Screwdriver is a scalable CI/CD solution which uses Kubernetes to manage user builds. Screwdriver build workers interfaces with Kubernetes using either “executor-k8s” or “executor-k8s-vm” depending on required build isolation. 

executor-k8s runs builds directly as Kubernetes pods while executor-k8s-vm  uses HyperContainers along with Kubernetes for stricter build isolation with containerized Virtual Machines (VMs). This setup was ideal for running builds in an isolated, ephemeral, and lightweight environment. However, hyperd is now deprecated, has no support, is based on an older Docker runtime and it also required non-native Kubernetes setup for build execution. Therefore, it was time to find a new solution.

Why Kata Containers ?

Kata Containers is an open source project and community that builds a standard implementation of lightweight virtual machines (VMs) that perform like containers, but provide the workload isolation and security advantages of VMs.
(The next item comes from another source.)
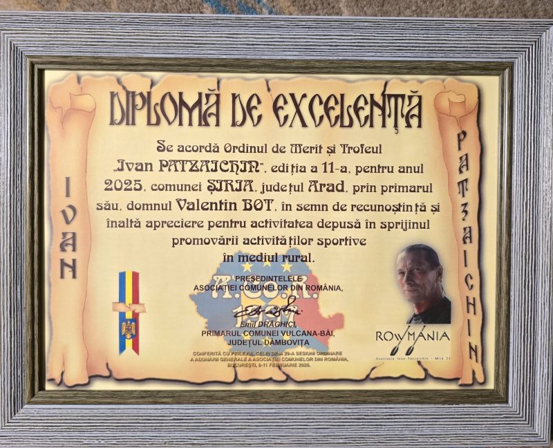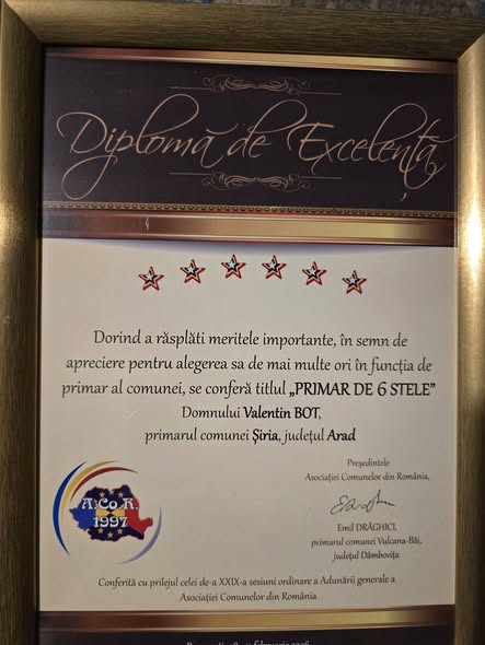 Comuna Șiria a fost reprezentată cu onoare în cadrul evenimentului organizat de Asociația Comunelor din România (ACoR), unde primarul comunei, ing. Valentin Bot, a primit două distincții importante pentru activitatea sa în administrația publică locală și pentru susținerea sportului în mediul rural.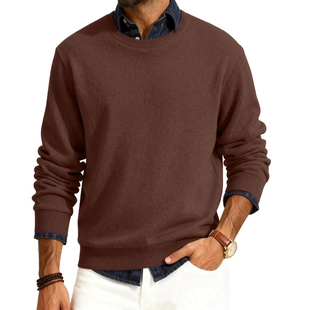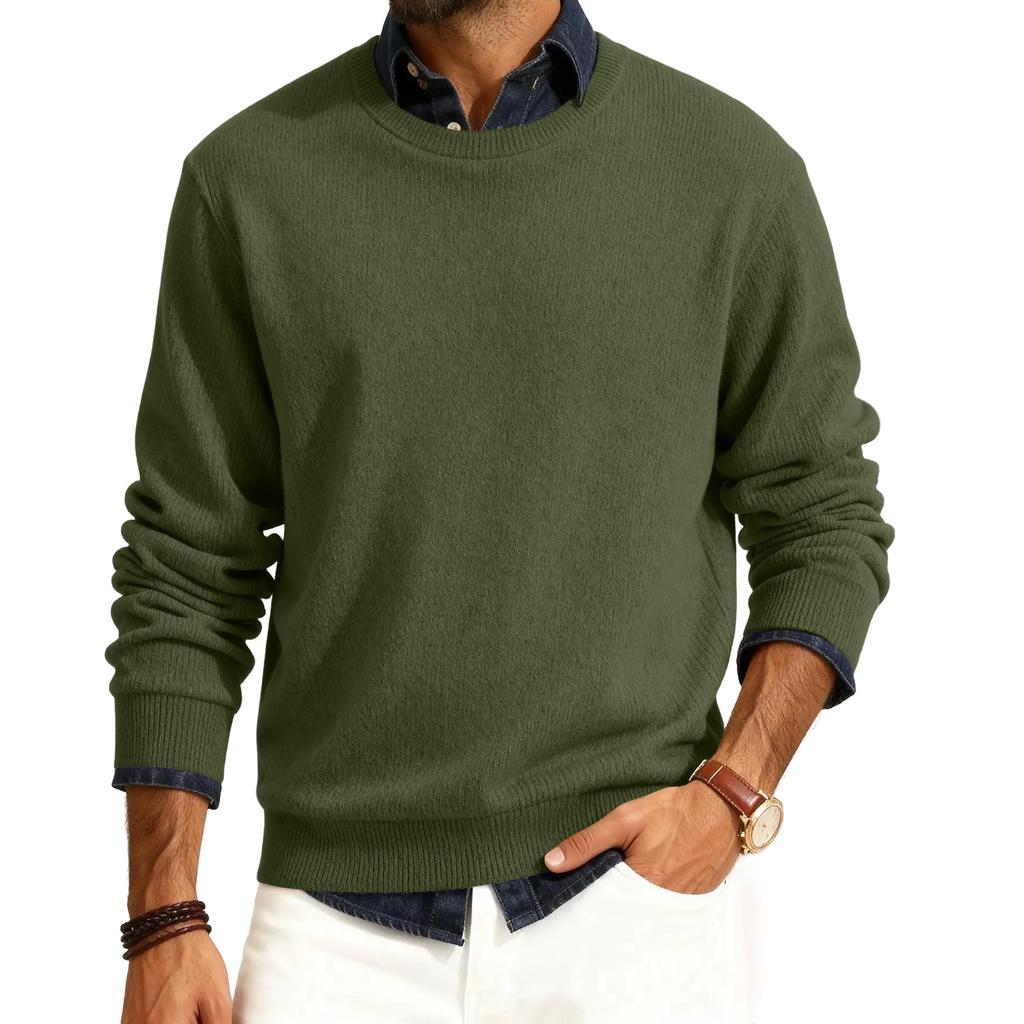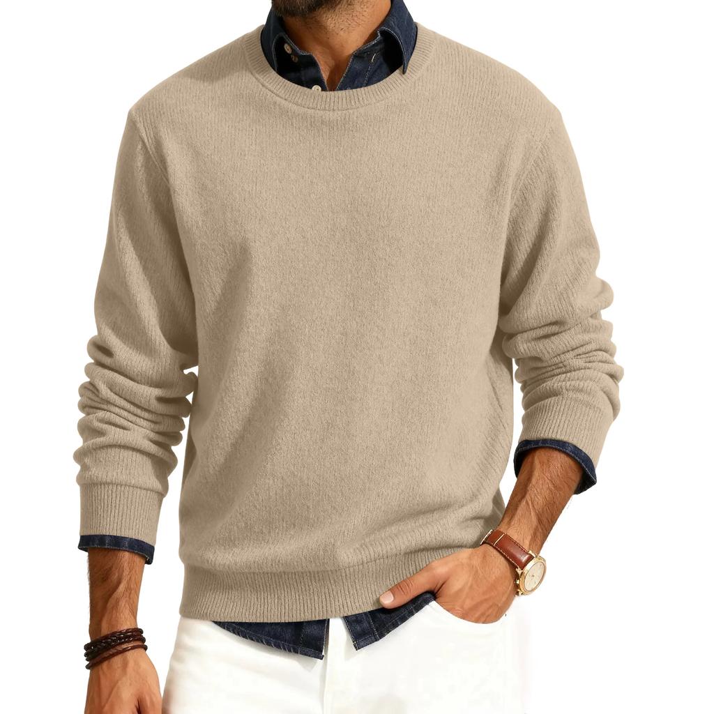 Мужской пуловер с круглым вырезом, длинными рукавами и рубчатой вязкой

It combines the benefits of using a hypervisor, such as enhanced security, along with container orchestration capabilities provided by Kubernetes. It is the same team behind HyperD where they successfully merged the best parts of Intel Clear Containers with Hyper.sh RunV. As a Kubernetes runtime, Kata enables us to deprecate executor-k8s-vm and use executor-k8s exclusively for all Kubernetes based builds.

Screwdriver Journey to Kata

As we faced a growing number of instabilities with the current HyperD – like network and devicemapper issues and IP cleanup workarounds, we started our initial evaluation of Kata in early 2019 (https://github.com/screwdriver-cd/screwdriver/issues/818#issuecomment-482239236) and identified two major blockers to move ahead with Kata:

1. Security concern for privileged mode (required to run docker daemon in kata)

2. Disk performance. 

We recently started reevaluating Kata in early 2020 based on a fix to “add flag to overload default privileged host device behaviour” provided by Containerd/cri (https://github.com/containerd/cri/pull/1225), but still we faced issues with disk performance and switched from overlayfs to devicemapper, which yielded significant improvement. With our two major blockers resolved and initial tests with Kata looking promising, we moved ahead with Kata.

Screwdriver Build Architecture

Replacing Hyper with Kata led to a simpler build architecture. We were able to remove the custom build setup scripts to launch Hyper VM and rely on native Kubernetes setup. 

Setup

To use Kata containers for running user builds in a Screwdriver Kubernetes build cluster, a cluster admin needs to configure Kubernetes to use Containerd container runtime with Cri-plugin.

Components

Screwdriver build Kubernetes cluster (minimum version: 1.14+) nodes must have the following components set up for using Kata containers for user builds. 

Containerd:

Containerd is a container runtime that helps with management of the complete lifecycle of the container.

Reference: https://containerd.io/docs/getting-started/

CRI-Containerd plugin:

Cri-Containerd is a containerd plugin which implements Kubernetes container runtime interface. CRI plugin interacts with containerd to manage the containers.

Reference: https://github.com/containerd/cri

Image credit: containerd / cri. Photo licensed under CC-BY-4.0.

Architecture:

Image credit: containerd / cri. Photo licensed under CC-BY-4.0

Installation:

Reference: 

https://github.com/containerd/cri/blob/master/docs/installation.md

https://github.com/containerd/containerd/blob/master/docs/ops.md

Tarball: https://storage.googleapis.com/cri-containerd-release/cri-containerd-1.3.3.linux-amd64.tar.gz

Crictl:

To debug, inspect, and manage their pods, containers, and container images.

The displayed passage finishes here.